В приподнятом настроении вышли мы из блиндажа. С шутками посматривали на плечи своих видавших виды полушубков. Старались представить, как будем выглядеть с погонами, как после победы будут встречать нас в новой форме на родине, дома, если доведется дожить.

Вечер. Землянка штаба батальона. Разместившись за маленьким ящиком-столиком для ужина, говорим о новостях. Ординарец передает мне письмо.

По почерку узнаю — от матери. Закурил крепкого «сабантуя». Придвинув ближе коптилку с моргающим огоньком, всматриваюсь в неровные строчки, стараюсь скорее узнать о жизни родителей.

Нас трое братьев. Все на фронте. Понятны тревога и беспокойство одиноких стариков.

Мать шлет привет, пожелания. Читаю дальше. Перед глазами поплыли черные круги. Из письма узнал то, чего не ожидал: «Отец приказал долго жить, — писала мать. — 9 января мы его схоронили. Схоронили без вас, дорогие сынки», — изливала она свое горе.

Закусив губы, читаю дальше. [137]

— Что случилось? — настороженно интересуется Швыдченко, видя мой потупленный взор.

— Отец умер, — вздыхаю я, показывая на письмо.

— Сочувствую, но что можно сделать? Тяжело, пока хоронишь. Как только скроет матушка-земля, все уходит: и горе по умершему, и жалость. Со временем забывается все, — хмуро произнес комбат. В одной руке он держит кружку с недопитым чаем, в другой — дымящую цигарку. — Вообще, много странного на свете, — задумчиво промолвил он.

— Все для человека и природой, и им же самим, для его земных благ создано. И вдруг его жизнь рушится такими бессмысленными муками войны. Посмотришь на наших юных, еще не видевших жизни парней, а на фронте, в первом же бою гибнут.

— Не стоит тебе, комиссар, убиваться об отце, когда он в земле, на вечном покое. Хотя и никому не хочется умирать, но таков удел всех.

Вошел повар, принес горячих оладьев, жареного мяса, в котелке водки.

— Вот это правильно! — пробасил комбат.

— Так я ж чувствовал ваши настроения. Решил отвлечь, авось поможет, — ответил повар, расставляя пищу на столе.

— Давай-ка, дорогой, ужинать. А то ты расстроился, да и я вместе с тобой. Вот кстати и наш штабист.

Начштаба с красным от мороза лицом после проверки постов пролез в землянку.

— Я всегда кстати, — смеется капитан, потирая нос и уши.

— Не шуми. У комиссара горе. Отца похоронили!

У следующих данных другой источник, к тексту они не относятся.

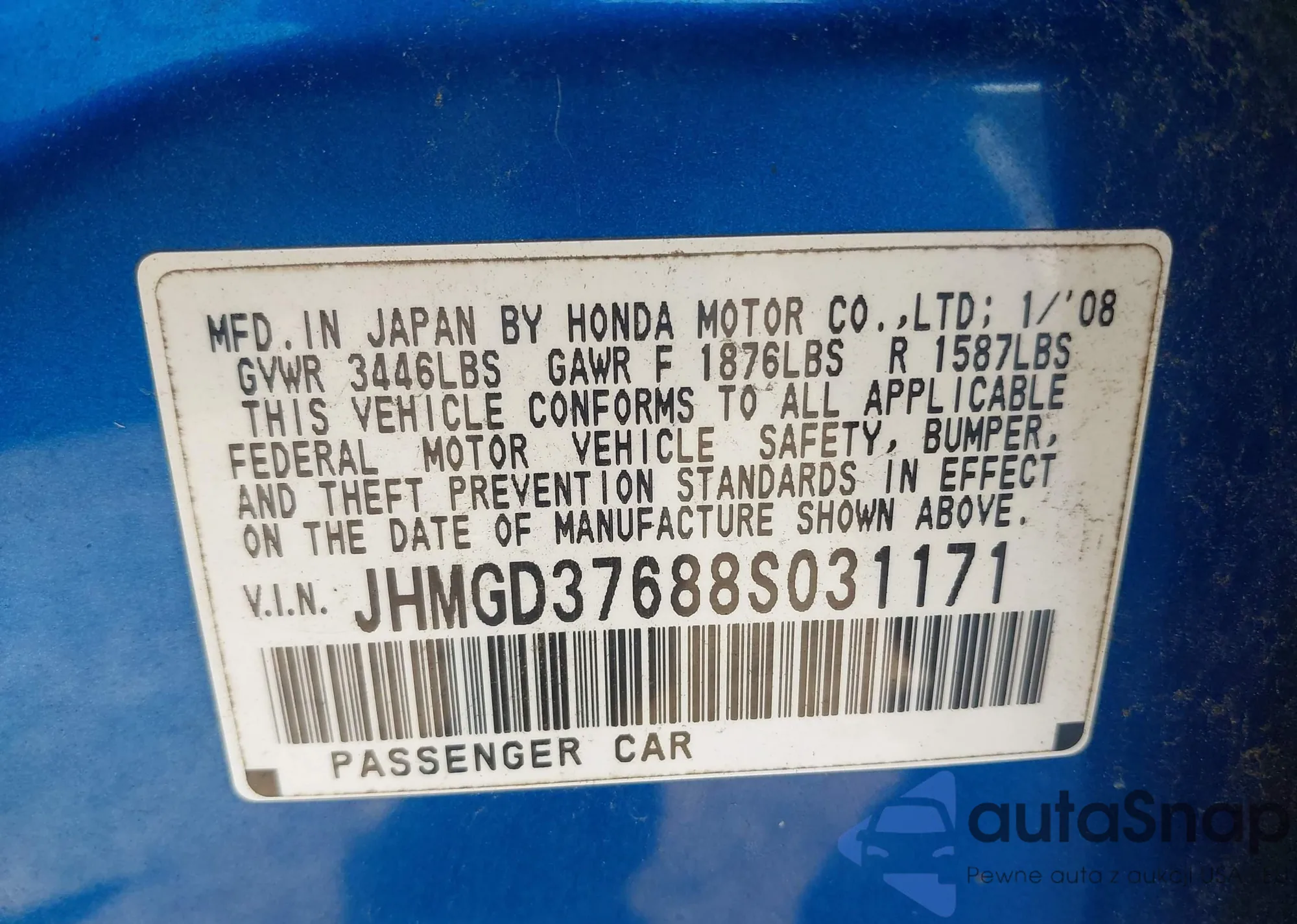 LOT: 42947058 VIN: JHMGD37688S031171
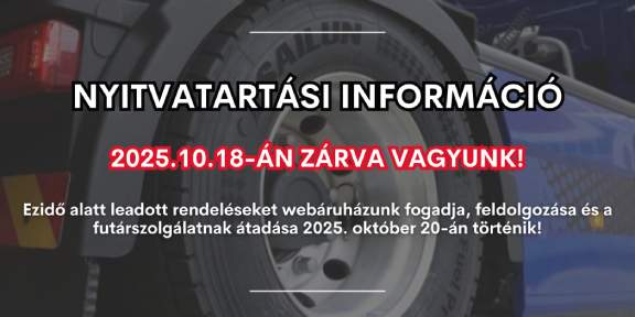 Központi telephelyünkön 2025. október 18-án munkaszünet lesz, emiatt cégünk zárva tart.
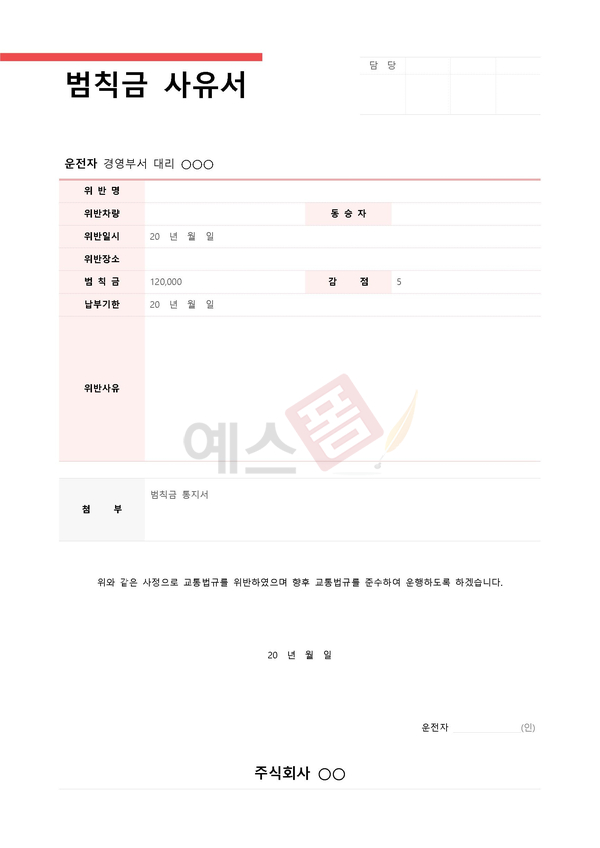| 사유서 | 결근사유서 | 범칙금 사유서 |

— Тогда прошу прощения, — обращается Терновой ко мне. — А чтобы полегчало, обязаны вспомнить его [138] добрым словом. На помин его души. — Капитан налил каждому в кружки водки...

Комбат и его помощники, приклонясь к стенке землянки, подложив под головы полушубки, задремали. Дежурный связист занимался в углу с телефонным ящиком, то и дело дул в трубку, проверяя связь. Ординарцы разместились возле печки, подбрасывая в нее березовые поленца.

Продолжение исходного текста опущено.